Unsere Zeit in Sri Lanka geht mit einem fünftägigen Aufenthalt im Anantara Kalutara zu Ende. Das luxuriöse Resort an der Westküste liegt knapp 60 Kilometer von Colombo entfernt. Die Taxi-Fahrt dorthin dauert 92 Minuten. Es sollte ein ganz besonderes Erlebnis werden.

Die drei Grazien.

Tag 1. Der Empfang ist vielversprechend. Drei junge Damen begleiten uns tanzend mit Trommel-Untermalung zur Rezeption.

Die Rezeption.

Unser Zimmer ist groß, hat einen schönen Blick auf die Lagune. Gut getroffen.

Der Blick aus Zimmer Nummer 1.

Leider stellen wir im Laufe des Nachmittags fest, dass sich die Klimaanlage nicht auf 24 Grad einstellen lässt. Mal kurzfristig 23 Grad, dann wieder 22 Grad. 24 Grad hat keine Chance. Der Haustechniker kommt, und scheitert. Dies erfahren wir nach dem Abendessen. Das Management bietet uns ein neues Zimmer an, doch so spät wollen wir nicht umziehen.

Tag 2. Nach dem Frühstück ziehen wir in ein Zimmer mit Meerblick, eine Kategorie höher. Als Kompensation steht am Mittag eine Flasche Weißwein aus Südafrika auf unserem Zimmer. Sehr aufmerksam.
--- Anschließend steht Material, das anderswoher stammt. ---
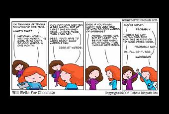 Et puis il n’y a pas que ça, il y a le soutien de mes collègues auteurs blogueurs, le soutien des différents forums sur le site du Nano, le soutien du créateur du Nano avec ses vidéos, et les rencontres organisées dans la vie réelle. Reste à voir si je vais me dégêner et y aller. D’une, la plupart des participants ont moins de 25 ans et de deux, je ne suis pas vraiment sociale avec les gens que je ne connais pas. Il restera les rencontres au salon du livre de Montréal.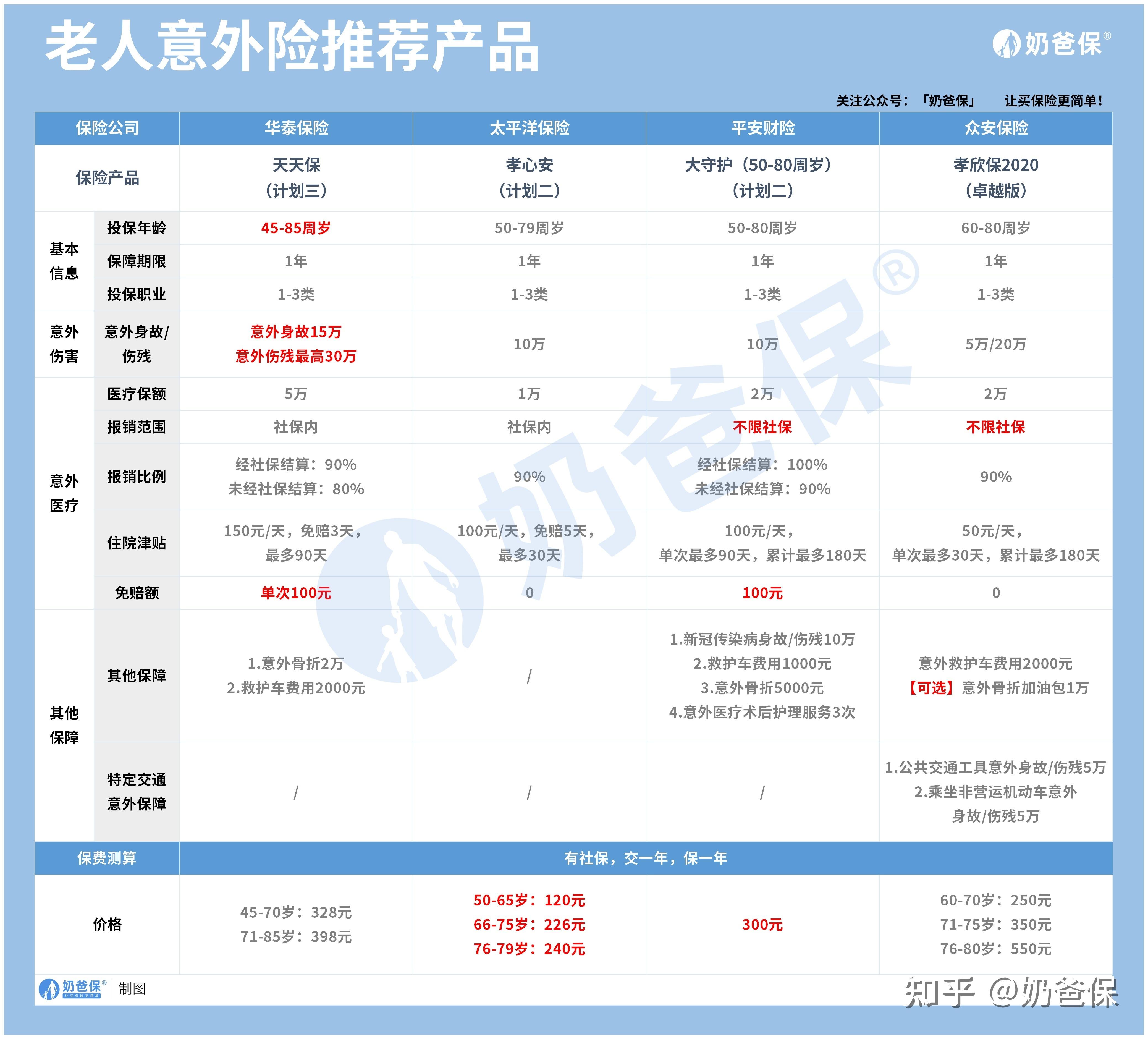 而且不论是0岁还是80岁,都能买到一年期意外险,后面奶爸会根据不同的年龄层给大家推荐性价比相对高的意外险产品。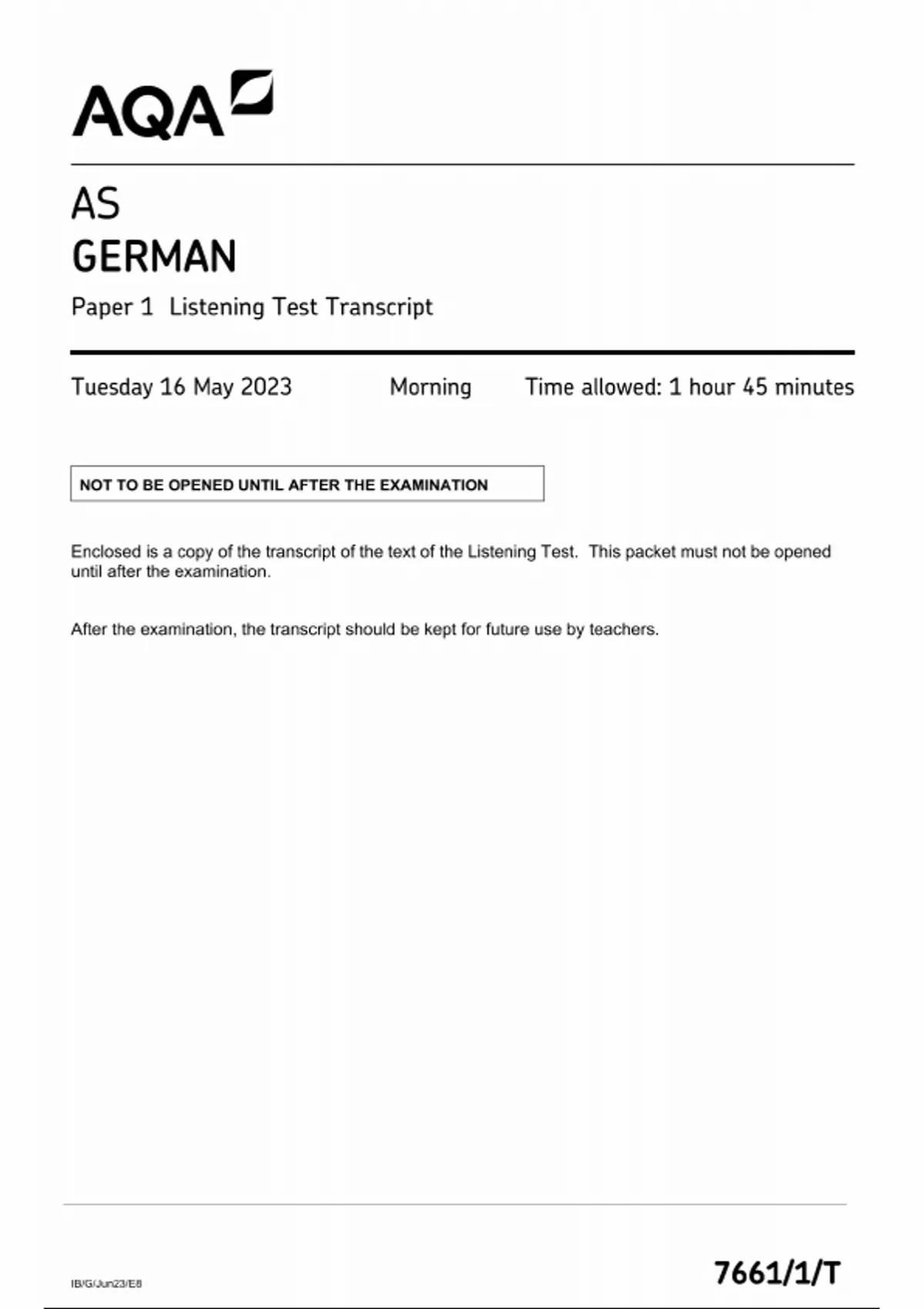 AQA AS GERMAN PAPER 1 MAY 2023 QUESTION PAPER (7661/1/T: Listening Test Transcript)

Der Blick aus Zimmer Nummer 2.

Doch auch in diesem Zimmer hat 24 Grad keine Chance. Der Haustechniker verzweifelt. Wir ehrlich gesagt auch. Warum schafft es ein Luxus-Resort nicht, eine für den Kunden angenehme Raumtemperatur zu ermöglichen? Später erfahren wir, dass alle „normalen“ Zimmer aircon-technisch gleichgeschaltet sind und bei 23 Grad ihr Maximum erreichen. Wir fragen uns, warum der Haustechniker dies nicht weiß. Anyway, wir gehen wieder zur Rezeption und merken das „Problem“ an. Die zweite Nacht ist trotzdem angenehm. Wir stellen uns auf weitere zwei Nächte im Upgrade ein.

Abendstimmung am Pool.

Großzügiger Strand.

Pool Nummer 2 beim italienischen Restaurant „Acquolina“.

Haupthaus mit Restaurant für Frühstück und Dinner.

Gute Nacht.

Tag 3. Gegen Mittag spricht uns ein freundlicher junger Mann im Restaurant an und stellt sich als Nalin Srillath, Front Office Manager, vor. Er habe von unseren Unannehmlichkeiten der beiden letzten Tage gehört, und er wolle sich dafür entschuldigen. Als Wiedergutmachung bietet er uns für die beiden letzten Nächte einen Umzug in eine Villa mit Privatpool an. Zunächst atmen wir tief durch, schon wieder umziehen. Nein. Nalin bleibt hartnäckig. Wir sollten uns doch die Villa mal ansehen und dann entscheiden. Gesagt, getan. Wir sind begeistert. Ein Upgrade in die höchste Kategorie, ein Umzug in eine andere Welt. Wir genießen vor allem den Privatpool mit direktem Durchgang zum Bad – morgens und abends. Es werden unvergessliche zwei Tage / Nächte.

Schlafzimmer und Living Room sind getrennt.

Das Prunkstück …

… unser Pool.

Damit endet der Bettenwechsel.

Tag 5. Beim Check-Out sehen wir einen zufriedenen Nalin, der auch deshalb zufrieden ist, weil wir zufrieden sind. Bei allem anfänglichen Hassle wird uns die Zeit im Anantara Kalutara sehr positiv in Erinnerung bleiben. Nicht, weil wir uns im Resort „hochgeschlafen“ haben, sondern weil wir hautnah erlebt haben, was Kundenorientierung bei Anantara bedeutet, dass die Philosophie der Zufriedenheit des Gastes bei Anantara gelebt wird. Probleme können überall auftreten, auch in Luxusresorts. Entscheidend ist, wie damit umgegangen wird. Und hier hat sich Anantara Kalutara dank Nalin besonders ausgezeichnet.

Wir sind bekennende Anantara-Fans, und wir sind es künftig noch mehr.